A space elevator is a well established concept.

Despite being proposed for the first time in 1895, it has not yet found concrete implementation. Why?

Basically we have not yet found any material which is strong enough to withstand all the forces involved in the utilization of a space elevator.

A space elevator cable would need to carry its own weight as well as the additional weight of climbers. The required strength of the cable would vary along its length.

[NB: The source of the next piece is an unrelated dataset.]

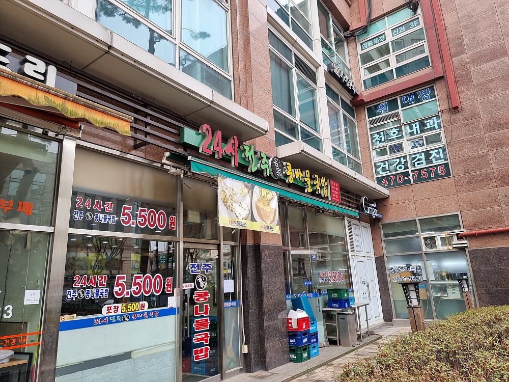 토요일 아침 9시면 그렇게 이른 시간도 아니지만 이상하게도 길거리에 사람들이 없었다. 과연 휴일에 다들 늦잠모드가 되는가 보다. 문을 연 식당을 찾는 것이 급선무인데 낯선 동네에서 휴일 아침에 문을 연 식당을 찾는다는 것이 생각보다 쉬운 일이 아니다. 더구나 차는 어딘가에 주차를 해야 하지 않겠는가? 그렇게 두 어 바퀴 돌다 이집을 발견했다. 커다란 상가건물 1층에 있는 콩나물국밥집인데 상가 지하주차장도 보이기에 망설이지 않고 들어갔다. 그런데 이 건물의 지하주차장은 아마도 오피스텔 입주자 편의 때문인지 상가 주차장은 지하4층에 있다. 얼마나 뱅글 뱅글 돌아 내렸갔는지 어지러울 정도였다.

The cable would need to be made of a material with a large tensile strength/density ratio. For example, the Edwards space elevator design assumes a cable material with a tensile strength of at least 100 GPa. Since Edwards consistently assumed the density of his carbon nanotube cable to be 1300 kg/m^3, that implies a specific strength of 77 MPa/(kg/m^3). This value takes into consideration the entire weight of the space elevator. An untapered space elevator cable would need a material capable of sustaining a length of 4,960 kilometers (3,080 mi) of its own weight at sea level to reach a geostationary altitude of 35,786 km (22,236 mi) without yielding. Therefore, a material with very high strength and lightness is needed.

For comparison, metals like titanium, steel or aluminum alloys have breaking lengths of only 20–30 km (0.2 - 0.3 MPa/(kg/m^3)). Modern fibre materials such as kevlar, fibreglass and carbon/graphite fibre have breaking lengths of 100–400 km (1.0 - 4.0 MPa/(kg/m^3)). Nanoengineered materials such as carbon nanotubes and, more recently discovered, graphene ribbons (perfect two-dimensional sheets of carbon) are expected to have breaking lengths of 5000–6000 km (50 - 60 MPa/(kg/m^3)), and also are able to conduct electrical power.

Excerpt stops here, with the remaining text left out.